The activities under development at the ELEDIA@Innov’COM include (but are not limited to) the following main items:
- Wireless monitoring systems for precision farming application
- Semantic wireless localization and tracking
One of the common points between the above research topics is the innovative wireless sensor network (WSN) technology adopted to implement and validate the investigated solutions. The recent advances in autonomous and low-power wireless devices have facilitated the rapid diffusion of such technology, which presents disruptive advantages in a huge number of applications, thanks to its flexibility and adaptability to different practical requirements.
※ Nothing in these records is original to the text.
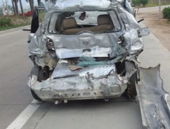 前两天,一辆东风日产小车行驶到黄杨大道时被大车追尾,遭推行100多米,车尾直接被削掉了一半,成了“的士头状”!其中一名司机还被困在驾驶座里没法动弹……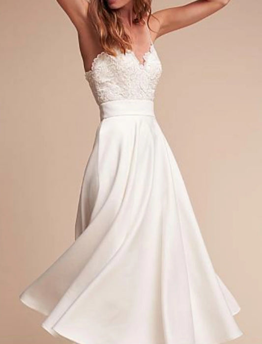 Reception Little White Dresses Wedding Dresses A-Line Sweetheart Camisole Spaghetti Strap Tea Length Satin Bridal Gowns With Lace Insert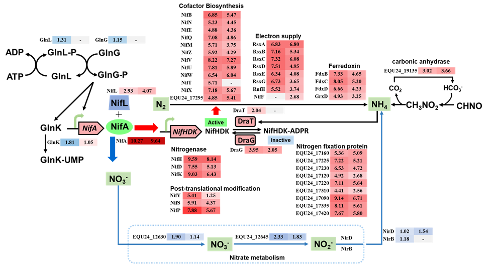 费强课题组长期围绕嗜甲烷菌的人工构建及其甲烷代谢机制进行探究,近日首次通过实验证实了I型嗜甲烷菌模式菌株的氮气固定能力,揭示了该菌株关键转录因子NifA对胞内固氮功能酶、甲烷代谢、能量供给、膜转运和细胞生长等基因的调控作用和影响机制。该研究不仅为了解嗜甲烷菌的生理特性和胞内氮代谢奠定了研究基础,还为甲烷-氮气共利用合成蛋白饲料等高附加值产品提供了技术经济可行性策略。该研究成果发表在国际应用生物技术领域权威期刊《应用微生物与生物技术》(Applied Microbiology and Biotechnology)。
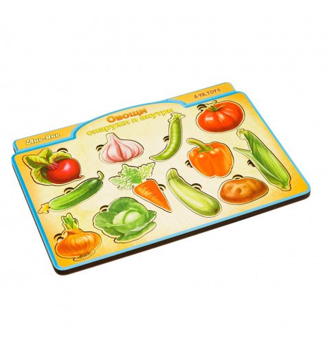 Двухслойный сортер с овощами, которые выглядят очень реалистично. Нижний слой - это половинки овощей (12 вкладышей), а верхний - целые овощи (ещё 12 вкладышей). Игра поможет объяснить ребенку понятия "часть и целое", "большой-маленький". Считайте овощи, изучайте их особенности: цвет, размер, где они растут и какие на вкус. Предложите ребенку поиграть в повара и "приготовить" блюда из этого набора овощей.
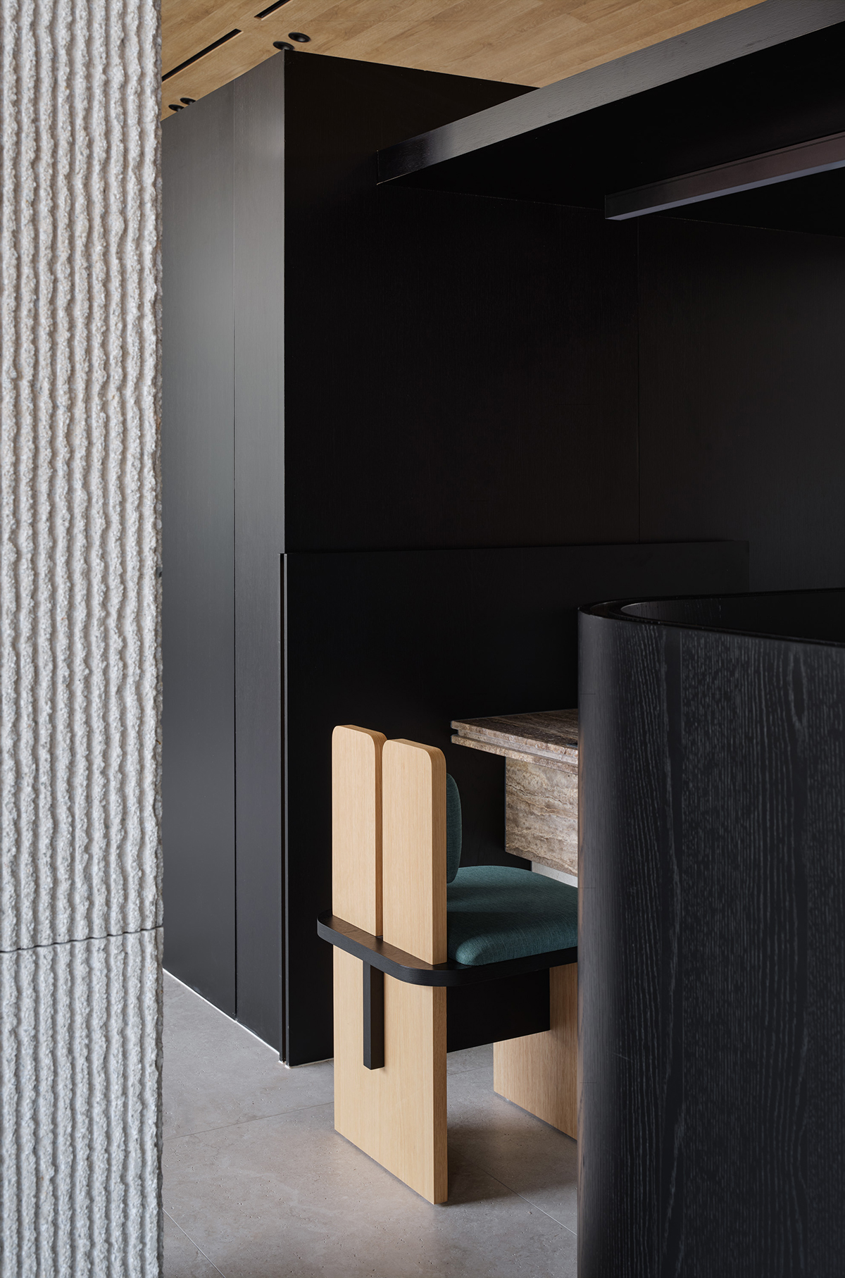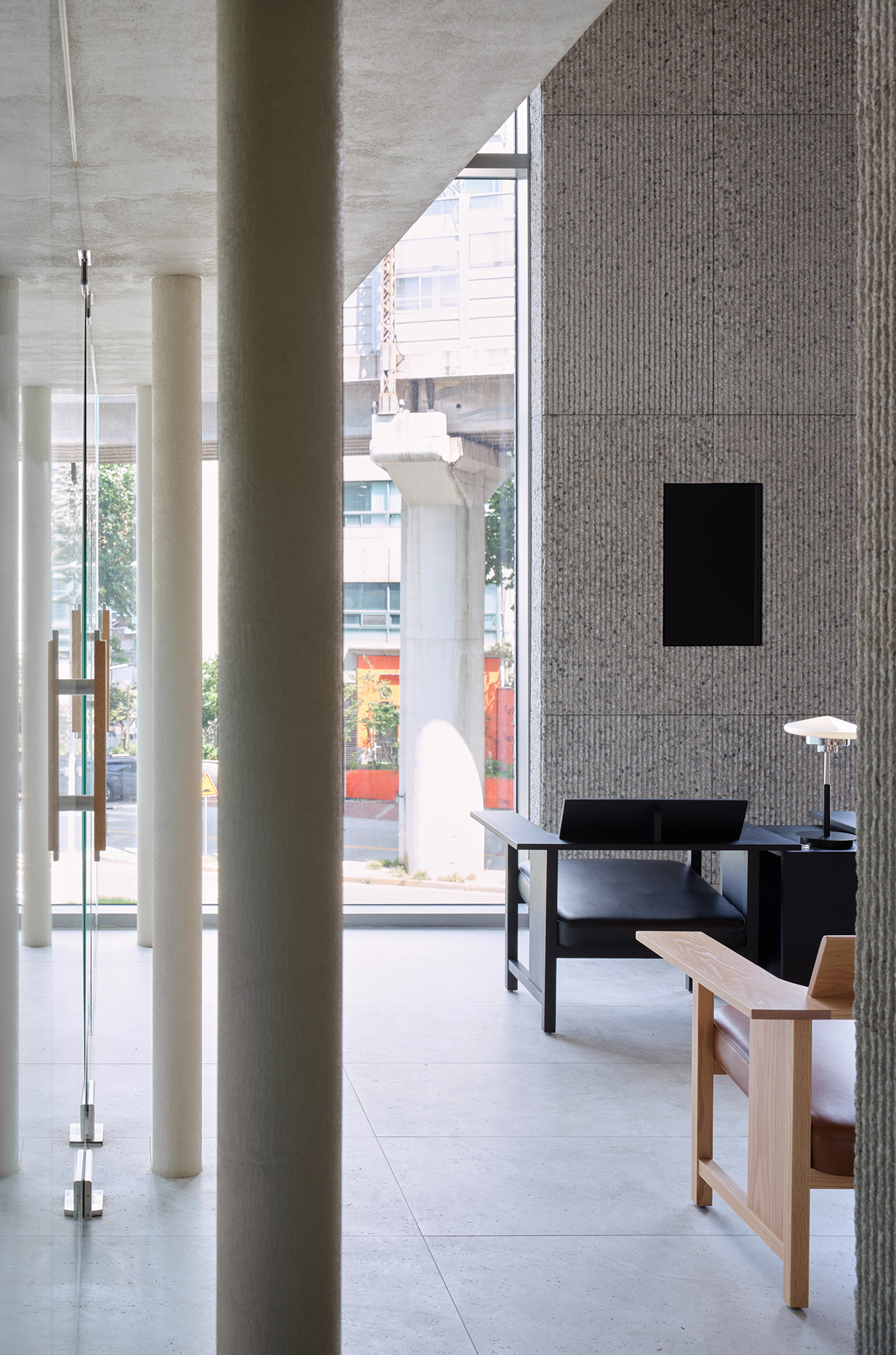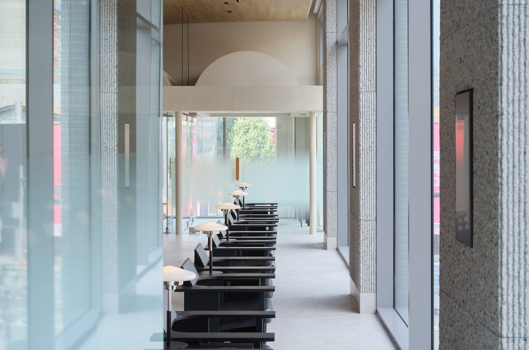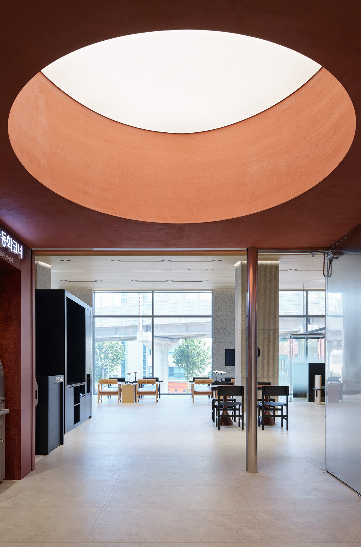 전체적인 공간의 리듬을 형성하는 요소는 높은 층고의 지붕과 중앙에 자리한 네 개의 기둥이다. 유려한 포물선 형태의 지붕과 네 개의 기둥이 조화를 이루며 공간에 개방감과 깊이를 더해준다. 특히 건물의 중심을 지탱하는 네 개의 기둥은 층고를 따라 위로 뻗어 지붕을 받치고, 상부 천장과 분리되어 있어 개방적인 분위기를 만들어낸다. 각 기둥에는 순서를 확인할 수 있는 디스플레이가 설치 되어 있어, 고객들이 대기 중에도 창밖의 경관을 감상하며 순서를 확인할 수 있는 효율적인 공간으로 구성되어 있다.

The state-of-the-art about distributed monitoring systems is full of WSN-based approaches and many open problems are still under study to improve the feasibility and the robustness of both the technological and methodological features of the systems.
The ELEDIA@Innov’COM Staff has long experience in the design and development of WSN-based systems, customized to satisfy the functional and non-functional requirements of the application at hand.
Precision Farming
The high quality of the Tunisian citrus fruits like lemons, clementines, Valencia variety, and mandarins is driving the worldwide export of such products.
The accurate management of citrus fruit farming is a key-action to maintain the quality standards of the product and guarantee the success of the export seasons.
In this framework, there is an increasing interest in the adoption of innovative technological solution for precision farming.
The ELEDIA Research Center has developed a WSN-based system for the continuous monitoring of the physical parameters that affect the cultivations. The real-time and distributed acquisition of soil parameters has been implemented through wireless sensors deployed in the fields. Such information can be exploited by farmers to understand the status of the plants and to intervene in the production process.
For example, the soil moisture level in combination with information about the weather conditions could improve the quality of the irrigation, the soil conservation, and the water saving. The activities of the ELEDIA@Innov’COM node aim to study and design a WSN-based monitoring system for the citrus fruit farming in real application environment. The Tunisian scenario represents a unique opportunity to test and improve the features of the investigated technologies and to customize the methodological approaches of data analysis.
Semantic Wireless Localization
The localization of moving targets is attracting great interest in a wide set of applications in the framework of smart cities and communities, and the diffusion of mobile wireless standards and devices has strongly stimulated the research of new and efficient location-based strategies. Both active and passive methods have been widely investigated according to the properties of the targets. Active methods process the wireless signal transmitted by a transceiver weared by the target, while passive solutions exploit the electromagnetic perturbations (measured through the received signal strength indicator) of the wireless propagation caused by the transceiver-free targets.
The properties of the environment have been also considered to improve the localization performance. The ELEDIA Research Center is involved in the study of the so-called Semantic Wireless Localization approach, which aims to understand the characteristics of the localization domain and the potential interactions with the target. The reconstruction of the domain map where the target is located and the extraction of the functional and logical information of the objects (e.g., fixed walls, open/closed doors, on/off appliances, forniture roles, etc.) change the interpretation of the localization from a geometrical point of view (e.g., ‘the target has been localized in position x,y’) to a semantic one (e.g., ‘the target is close to the desk’).
The activities developed by the ELEDIA@Innov’COM leverage the solid background on the localization methods studied by the involved members, including learning-by-example (LBE) strategies like neural networks, support vector machines, regression trees, gaussian processes, etc., able to learn the complex relation between the wireless signal behavior and the target position. The real-time performance make the LBE methods suitable for the efficient localization of different typologies of wireless devices, like the nodes of a WSN or the widely diffused WiFi-enabled smartphones.